Only the One Ring makes any appearance in The Hobbit, and then it is only known as a magic ring which makes the wearer invisible; its much larger and darker significance is not revealed until The Lord of the Rings. The history of the Rings of Power is described in its known entirety in The Silmarillion, in "Of the Rings of Power and the Third Age".

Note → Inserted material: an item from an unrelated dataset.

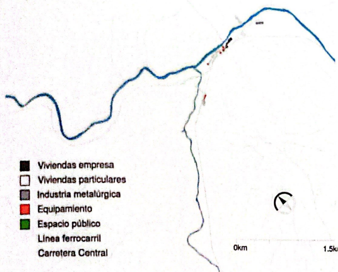
Plano 1. La Oroya: La Villa y el Ferrocarril Central (1893-1922)

Los Huancas apoyaron la invasión española del Imperio Inca, las buenas relaciones entre los curacas y los españoles derivaron en beneficios territoriales, donde La Oroya formó parte de dicha repartición. Francisco Pizarro arriba al lugar en 1533 después de cancelar la fundación del Perú en Jauja, se sorprende con la presencia de la “oroya”, especie de cesto que permite el paso por el Jatunmayu (río Mantaro). Los invasores pernoctan para descansar y buscar metales preciosos en minas próximas al área, atribuyendo desde entonces el nombre La Oroya.

===The Rose and the Ring===
William Makepeace Thackeray's satirical novel The Rose and the Ring features a ring that has the power to make whoever owns it beautiful; its passage from person to person in the novel is an important element of the story.

===The Chronicles of Narnia===
In The Magician's Nephew, from C.S. Lewis' The Chronicles of Narnia series, two magic rings, which take people to the Wood between the Worlds, a linking room between parallel universes, are central to the story; a yellow ring, when touched, sends a person to the Wood Between the Worlds, while a green ring is used from there to bring that person into a world of their choosing. These rings were created by the magician "Uncle Andrew" by the use of magical dust from Atlantis.

===Harry Potter series===
The Harry Potter series, by author J. K. Rowling, features a magic ring bearing a coat of arms linked to the Peverell brothers, Harry Potter and Lord Voldemort's ancestors. It becomes one of the most important objects in Harry Potter's world because it contains a fragment of Voldemort's soul, and before it was pried apart by Dumbledore, it held one of the three Deathly Hallows: the Resurrection Stone, which can summon the dead.

===Doctor Who===
In the longest-running science-fiction series Doctor Who, the First Doctor sometimes used a ring with strange powers, which first appeared in The Web Planet where he used it to control a Zarbi. In Doctor Whos 20th anniversary story "The Five Doctors" the Ring of Rassilon, the legendary founder of Time Lord society, is said to confer immortality. Apparently this is how Rassilon has remained alive. However, when the renegade Time Lord Borusa puts the ring on he is turned to stone, as were others before him. This was a trap by Rassilon for renegade Time Lords.

===Other appearances===
Magic rings are a common motif in a variety of cultural texts, including literature, television, film, and video games, as well as comics. Often imbued with supernatural powers, they frequently symbolize themes such as loyalty, fate, or moral virtue. Their presence typically signifies a narrative turning point or grants unique abilities to the bearer.

Notable examples include:
- In DC's cosmology exist the Lantern Rings that form the different Lantern Corps powered by emotions. Eg. the Green Lantern Corps
- In A Midsummer Tempest by Poul Anderson, magic rings given by Oberon and Titania symbolize loyalty and offer aid when their wearers remain faithful to one another.
- The animated series Captain Planet and the Planeteers features five elemental rings – Earth, Fire, Wind, Water, and Heart – which, when combined, summon the titular hero.
- In E. Nesbit’s The Enchanted Castle, a magic ring grants invisibility, echoing similar motifs in later fantasy works.
- The video game The Elder Scrolls III: Morrowind includes the ring “Moon-and-Star,” a legendary artifact central to prophecy and the player's identity as the reincarnated hero.
- The Vampire Diaries features magic rings that allow vampires to survive sunlight and protect humans from supernatural harm.
- In Andre Norton's The Zero Stone, the titular magic ring serves as a powerful artifact of alien origin, guiding the protagonist through a space-fantasy narrative.

While many works include magic rings, not all examples are culturally or narratively significant. The article selectively includes prominent instances that have contributed meaningfully to the motif's development in fiction.